- Directions: The entries below are to be returned as written, with all pictures dropped.

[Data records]

Segment Open

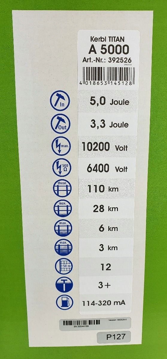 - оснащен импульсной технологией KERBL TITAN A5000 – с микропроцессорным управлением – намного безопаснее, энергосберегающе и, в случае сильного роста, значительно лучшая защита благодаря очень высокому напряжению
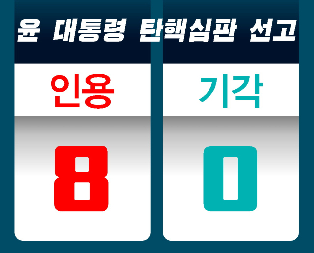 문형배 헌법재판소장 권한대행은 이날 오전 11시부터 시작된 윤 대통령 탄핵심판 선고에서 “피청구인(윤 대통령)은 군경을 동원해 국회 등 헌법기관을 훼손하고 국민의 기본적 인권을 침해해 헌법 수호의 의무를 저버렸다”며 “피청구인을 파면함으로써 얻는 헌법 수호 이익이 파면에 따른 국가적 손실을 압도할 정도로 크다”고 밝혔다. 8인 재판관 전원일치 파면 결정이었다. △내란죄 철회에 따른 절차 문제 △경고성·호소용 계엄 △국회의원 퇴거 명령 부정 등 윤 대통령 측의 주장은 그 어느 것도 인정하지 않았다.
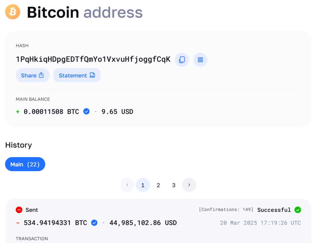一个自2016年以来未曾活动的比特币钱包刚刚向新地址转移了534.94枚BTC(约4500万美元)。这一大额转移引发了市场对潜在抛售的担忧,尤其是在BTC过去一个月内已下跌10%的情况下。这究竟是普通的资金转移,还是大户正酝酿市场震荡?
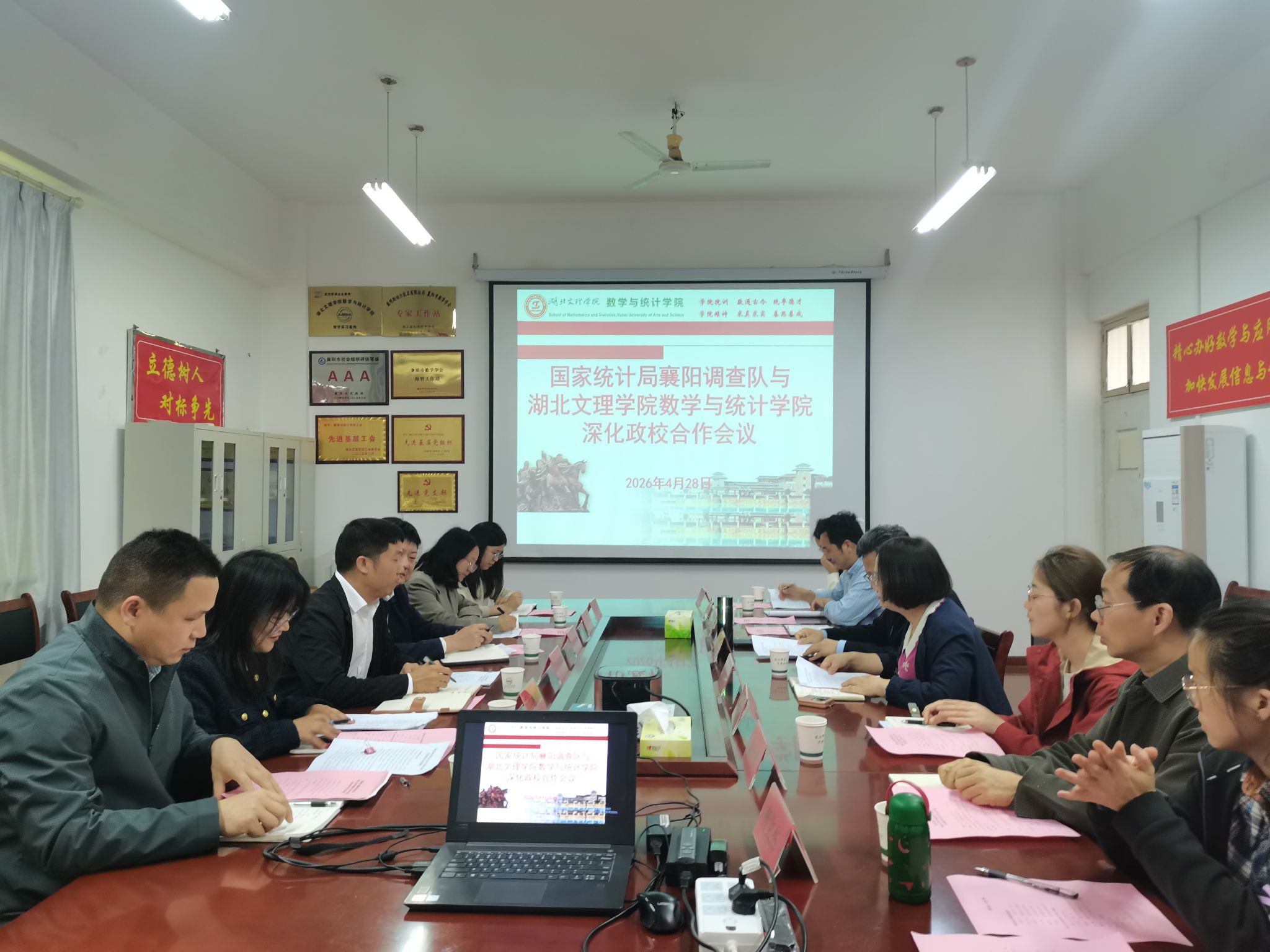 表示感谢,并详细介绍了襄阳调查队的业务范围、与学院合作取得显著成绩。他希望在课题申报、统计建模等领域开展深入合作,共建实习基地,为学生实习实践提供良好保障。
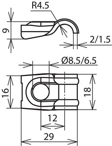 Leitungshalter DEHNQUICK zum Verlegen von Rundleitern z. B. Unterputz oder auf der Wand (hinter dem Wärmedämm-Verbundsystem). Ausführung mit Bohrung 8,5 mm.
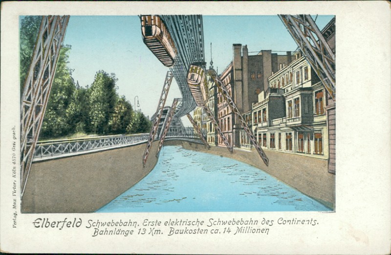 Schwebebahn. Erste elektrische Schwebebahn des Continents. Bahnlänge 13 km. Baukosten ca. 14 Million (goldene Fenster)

Segment Closed

- Task output:
 - оснащен импульсной технологией KERBL TITAN A5000 – с микропроцессорным управлением – намного безопаснее, энергосберегающе и, в случае сильного роста, значительно лучшая защита благодаря очень высокому напряжению
 문형배 헌법재판소장 권한대행은 이날 오전 11시부터 시작된 윤 대통령 탄핵심판 선고에서 “피청구인(윤 대통령)은 군경을 동원해 국회 등 헌법기관을 훼손하고 국민의 기본적 인권을 침해해 헌법 수호의 의무를 저버렸다”며 “피청구인을 파면함으로써 얻는 헌법 수호 이익이 파면에 따른 국가적 손실을 압도할 정도로 크다”고 밝혔다. 8인 재판관 전원일치 파면 결정이었다. △내란죄 철회에 따른 절차 문제 △경고성·호소용 계엄 △국회의원 퇴거 명령 부정 등 윤 대통령 측의 주장은 그 어느 것도 인정하지 않았다.
一个自2016年以来未曾活动的比特币钱包刚刚向新地址转移了534.94枚BTC(约4500万美元)。这一大额转移引发了市场对潜在抛售的担忧,尤其是在BTC过去一个月内已下跌10%的情况下。这究竟是普通的资金转移,还是大户正酝酿市场震荡?
 表示感谢,并详细介绍了襄阳调查队的业务范围、与学院合作取得显著成绩。他希望在课题申报、统计建模等领域开展深入合作,共建实习基地,为学生实习实践提供良好保障。
 Leitungshalter DEHNQUICK zum Verlegen von Rundleitern z. B. Unterputz oder auf der Wand (hinter dem Wärmedämm-Verbundsystem). Ausführung mit Bohrung 8,5 mm.
 Schwebebahn. Erste elektrische Schwebebahn des Continents. Bahnlänge 13 km. Baukosten ca. 14 Million (goldene Fenster)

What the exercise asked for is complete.